Совершенно иначе (и где-то даже близко к истине) думал император Павел, говоривший Растопчину, близким, что экспедиция Бонапарта угрожает самой России, французы вознамерились проникнуть в Черное море, чтобы захватить Крым:
— В этом случае, — убежденно говорил Павел, — Турция, благодарная французам за то, что они вернули им свою таврическую латифундию, несомненно сочтет своим долгом начать новую войну против нас на Дунае… вот о чем мечтают в Париже!
Сделав такой вывод, император предписал адмиралу Ушакову начать крейсирование севастопольской эскадры — вплоть до Одессы, и при встрече с французской эскадрой сразу вступить в сражение и беспощадно уничтожить все корабли бонапартовского сборища. Одновременно с этим две русские эскадры (Архангельская и Балтийская) начали крейсерство возле северных берегов Франции…
Был уже май 1798 года, когда в Константинополь прибыл новый русский посол, которому Кочубей и сдал посольские дела.

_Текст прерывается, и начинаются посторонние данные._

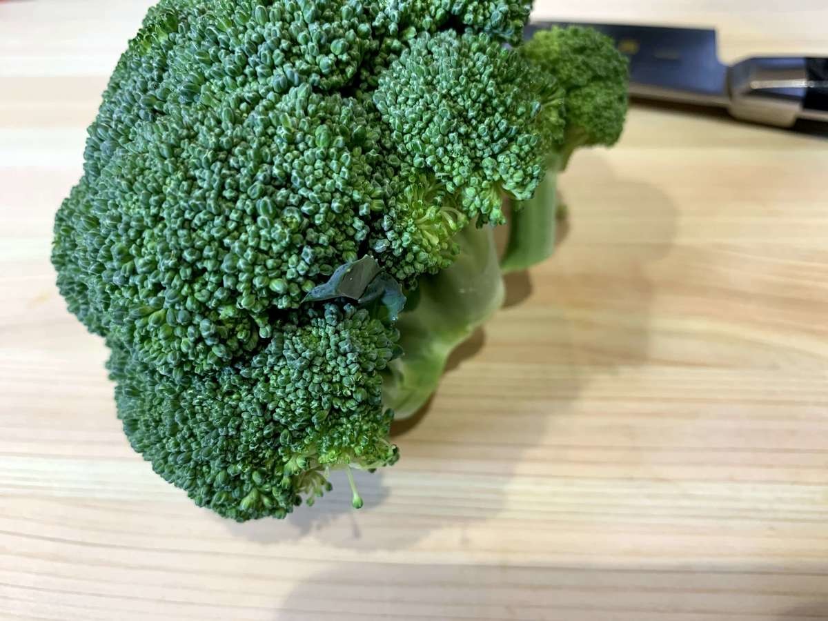ブロッコリーは茎を切り取り、残った部分を水でよく洗います。今回、茎は使いません。

— Вы, — сказал ему Кочубей, — прибыли как раз в такое время, когда огонь в нашем очаге пылает, а все наши кастрюли кипят единым разом, и вам, повару, предстоит волноваться…
Новый посол — Василий Степанович Тамара — воспитанник украинского философа Григория Сковороды, был хорошим знатоком Востока и всех потаенных пружин, которые двигали сокрытую от непосвященных политику восточных сатрапий. Тамара был уже в солидных летах, Виктор Кочубей казался ему «мальчишкой».
— Не забывайте подбрасывать дров, — смеялся Кочубей.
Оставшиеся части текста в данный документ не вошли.